Please restate the data below word for word, omitting all images.

DATA EXCERPT section start

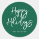 Happy Holidays Green Aufkleber. Eine moderne und mutige Typografie für diese personalisierbare Urlaubssammlung. Vollständig anpassbare Farben.
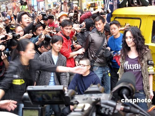 三月十一日,藝人不雅照女主角之一的鐘欣桐(阿嬌)復(fù)出后首次現(xiàn)身香港鬧市街頭,引來數(shù)百人圍觀,爭(zhēng)相拍攝。阿嬌復(fù)出后首份工作是擔(dān)任一個(gè)牛仔褲品牌的代言人,當(dāng)日出席該品牌一分店的宣傳活動(dòng)。中新社發(fā) 黎金良 攝
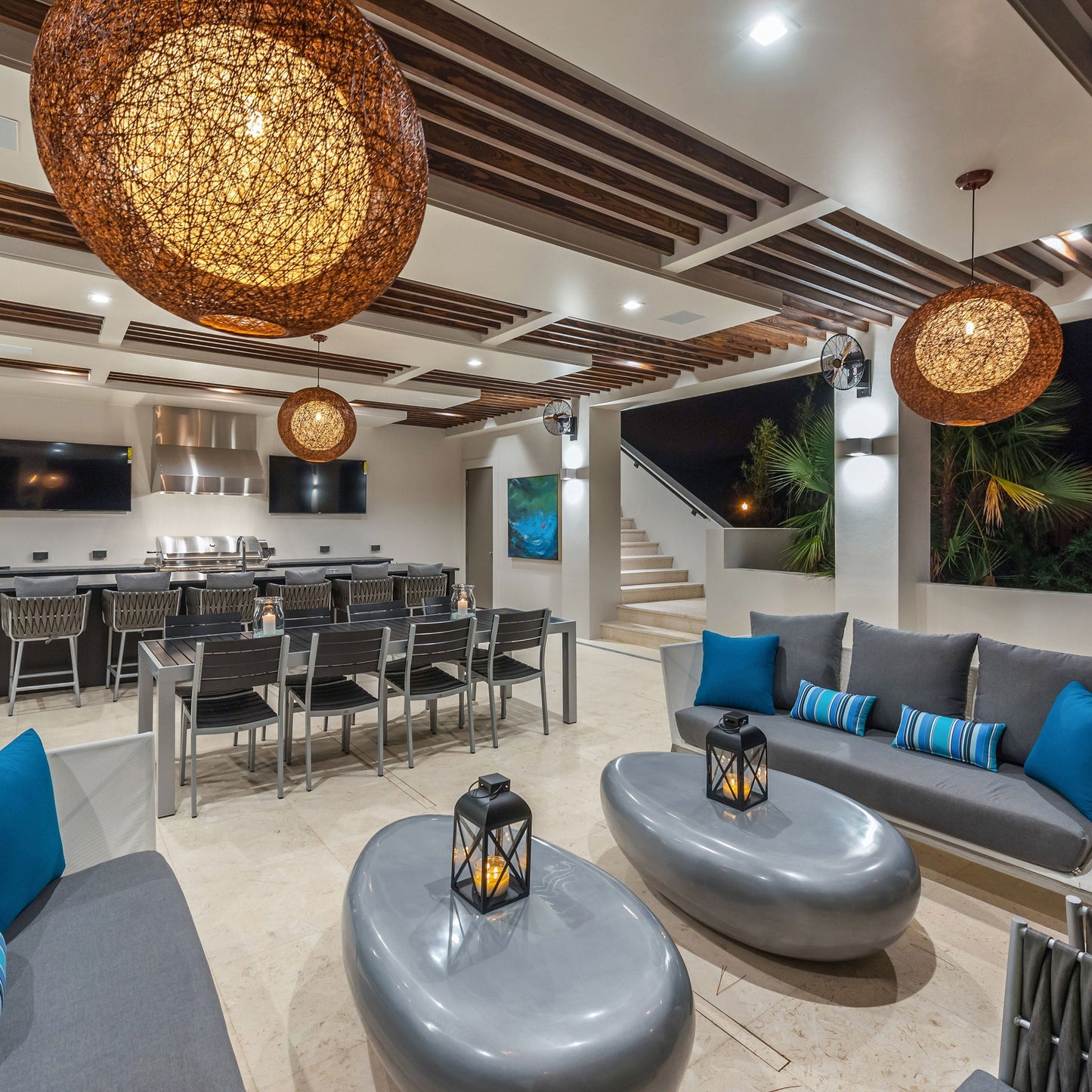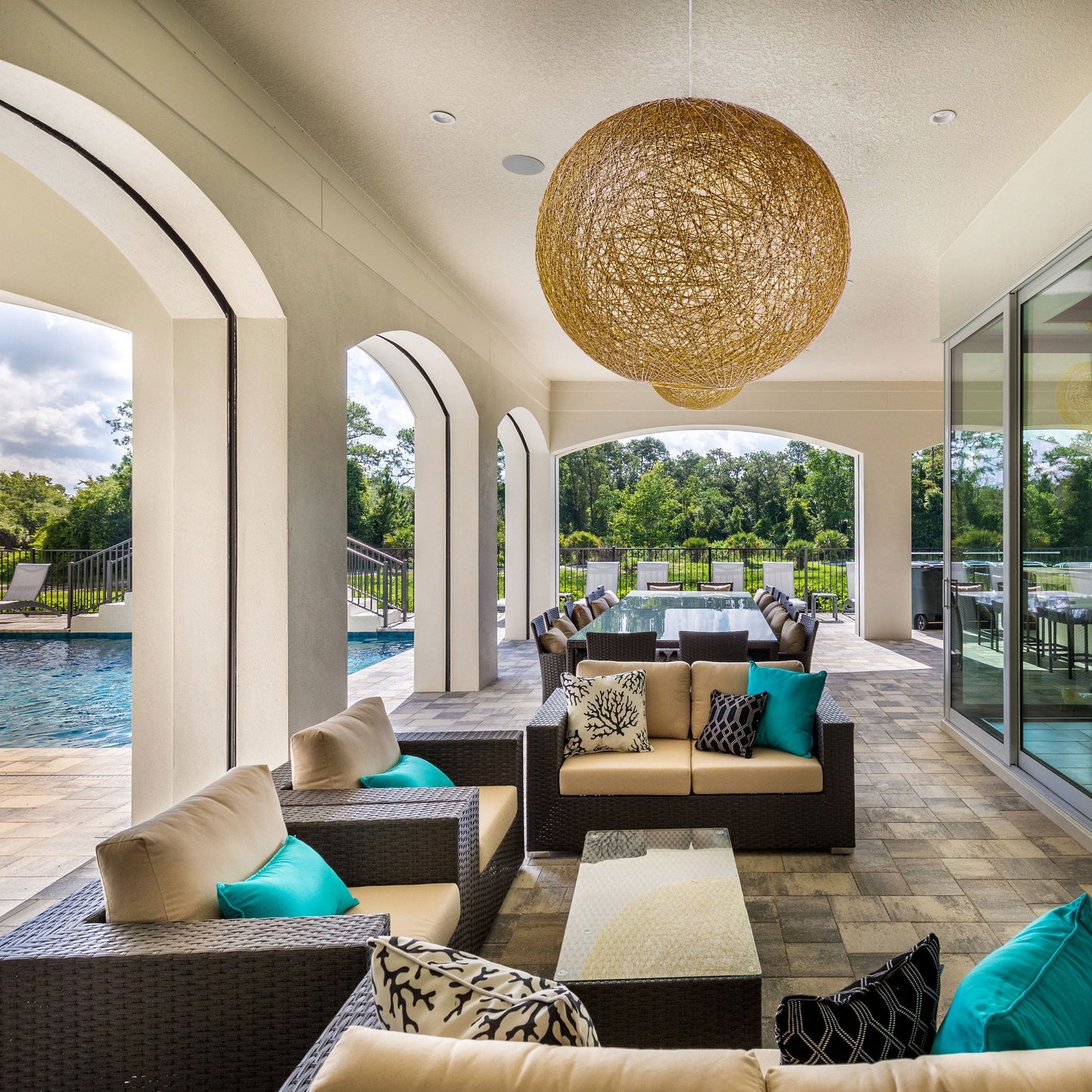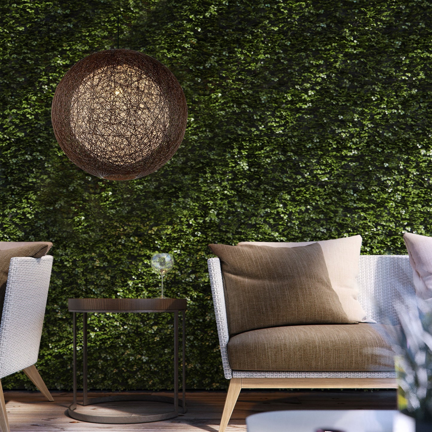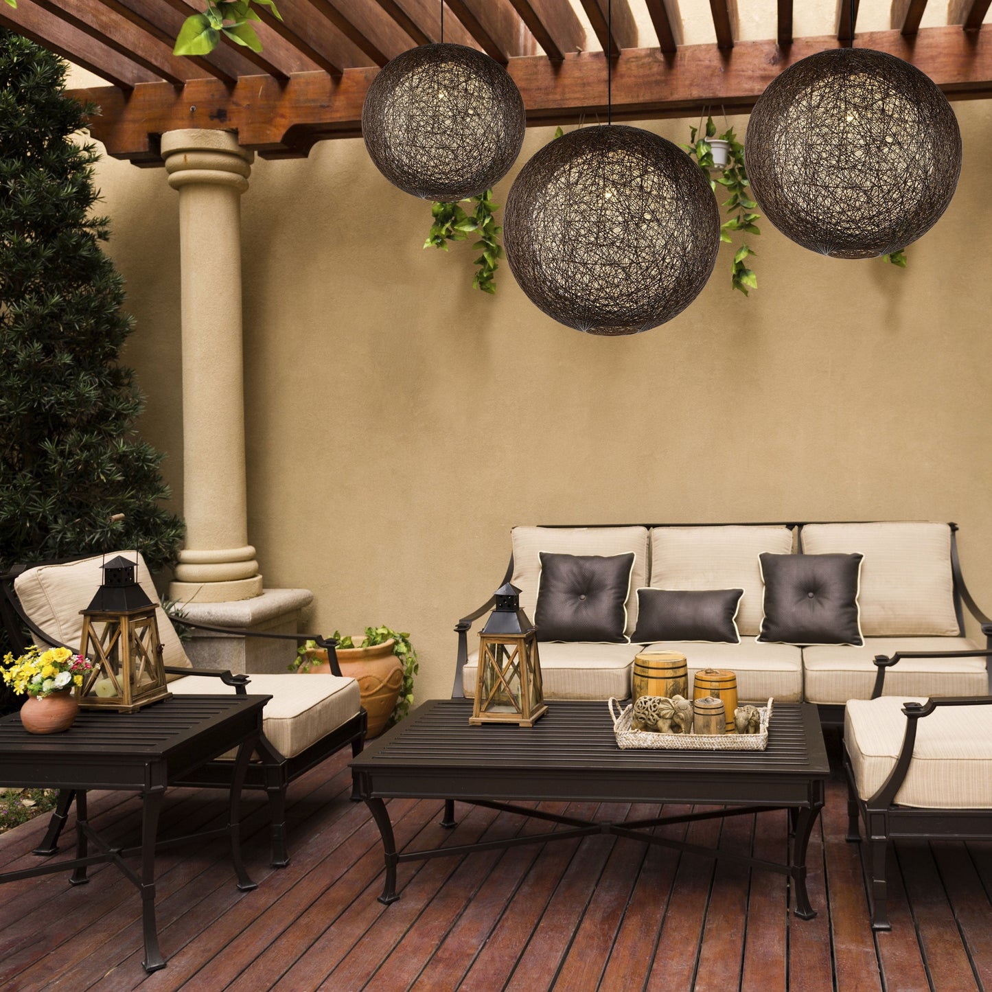 Spherical dual shades constructed of woven string in two tone finish combinations, Natural with White inner and Chocolate with White inner. Shades are treated for weather resistance and are U.L. approved for damp location which make them perfect for outdoor living spaces.
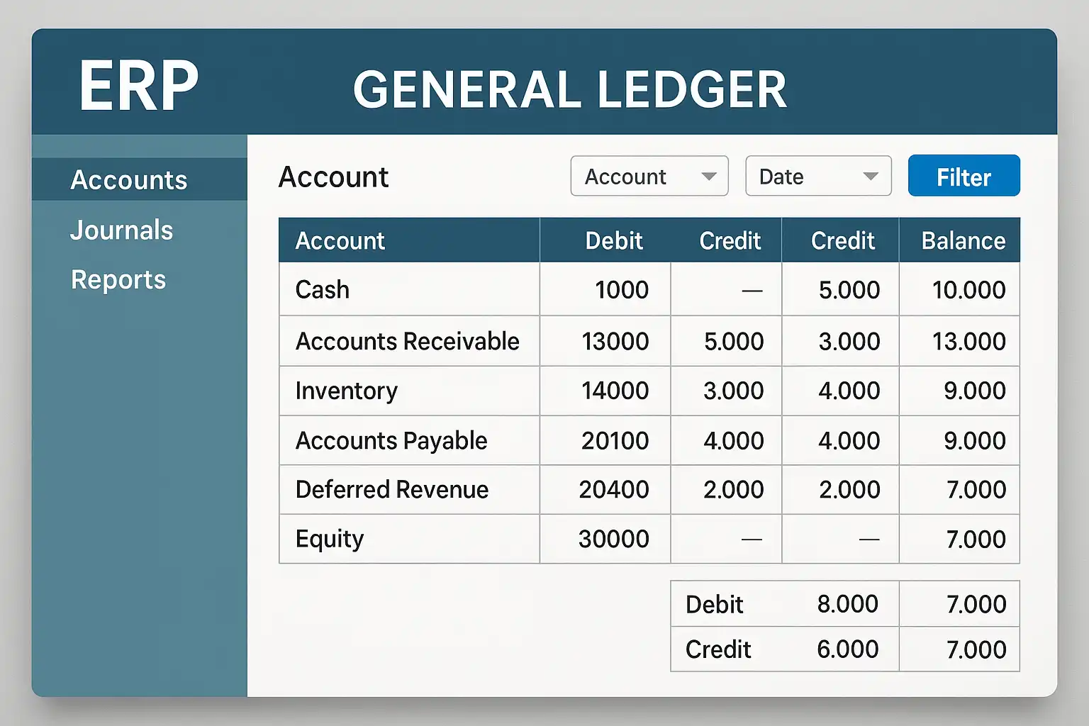 ERP(Enterprise Resource Planning)中的“总账”是指以会计准则为基础,对所有经济业务统一归集和反映,实现财务信息集中处理和多维度分析的核心模块。ERP系统的总账功能涵盖凭证处理、科目管理、期末结转、对账调平以及各类报表生成等,是衔接各业务模块的数据枢纽。

DATA EXCERPT section end

- _RESULT OF THIS EXERCISE_
 Happy Holidays Green Aufkleber. Eine moderne und mutige Typografie für diese personalisierbare Urlaubssammlung. Vollständig anpassbare Farben.
 三月十一日,藝人不雅照女主角之一的鐘欣桐(阿嬌)復(fù)出后首次現(xiàn)身香港鬧市街頭,引來數(shù)百人圍觀,爭(zhēng)相拍攝。阿嬌復(fù)出后首份工作是擔(dān)任一個(gè)牛仔褲品牌的代言人,當(dāng)日出席該品牌一分店的宣傳活動(dòng)。中新社發(fā) 黎金良 攝
 Spherical dual shades constructed of woven string in two tone finish combinations, Natural with White inner and Chocolate with White inner. Shades are treated for weather resistance and are U.L. approved for damp location which make them perfect for outdoor living spaces.
 ERP(Enterprise Resource Planning)中的“总账”是指以会计准则为基础,对所有经济业务统一归集和反映,实现财务信息集中处理和多维度分析的核心模块。ERP系统的总账功能涵盖凭证处理、科目管理、期末结转、对账调平以及各类报表生成等,是衔接各业务模块的数据枢纽。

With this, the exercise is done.